Memory contention caused by 'ASYNC: Discovery - Sensors VMWarevCenter' scheduled jobs

Mitali Sahoo · ‎12-27-2020

Issues faced:

Instances can experience outages due to memory contention on few/all UI nodes.

The heap dumps show evidence of multiple worker threads executing 'ASYNC: Discovery - Sensors VMWarevCenter' scheduled jobs with each thread consuming around 300MB of space.

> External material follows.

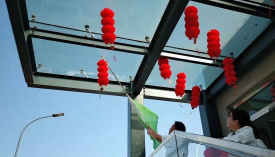 圖為工作人員一起布置收費所 在慶祝祖國70周年生日的日子里,最火的顏色就是紅色。為了弘揚中華民族傳統文化,溫嶺西收費所后勤組早早購置了燈籠、彩旗、五星紅旗,寫好“慶祝祖國70周年華誕”大字等。黨員帶頭,團員緊跟,一線收費員紛紛參與,在收費站大門口、辦公樓、食堂、宿舍等區域精心用五星紅旗、大紅燈籠、五顏六色的彩旗裝點,一抹抹艷麗的國旗紅,成為站點最靚麗的風景。明亮的黃、鮮艷的紅,美麗窗口突然亮了起來,到處洋溢著濃濃的國慶氛圍,為過往司乘提供暢、潔、美的節日行車環境。 溫嶺西收費所后勤組還精心策劃、精細編排,制作了具有特色、獨具創意的生日祝福“小視頻”,祝祖國生日快樂! 通過開展弘揚愛國精神,喜迎國慶活動,溫嶺西收費所全所工作人員更加不忘初心,砥礪前行,共同慶祝祖國70周年華誕。 鄭霞霞

Taking a quick glance at the heap dump, each thread has a huge array in heap which appears to hold many objects with each objects having elements named host_group and vm_group holding GlideElement() (i.e. full GlideRecord()) objects from the cmdb_ci_vcenter_host_group and cmdb_ci_vcenter_vm_group tables.

Resolution:

For VMWarevCenterClusterDRSProbe, create and set probe parameter 'pagesize' to 1 or 2.

Reasons for changes:

- page_size defines how many clusters need to be discovered in VMWarevCenterClusterDRSProbe.
- In the discovery, we see that if the number of cluster passed to VMWarevCenterClusterDRSProbe is more (in customer's case, it was 5/6), it goes for timeout.
- Setting page_size to 1 or 2 for VMWarevCenterClusterDRSProbe makes sure that the number of clusters need to be discovered for DRS will be maximum 2. So that, it fetches lesser information compared to the previous scenario where it was fetching information for 5 clusters.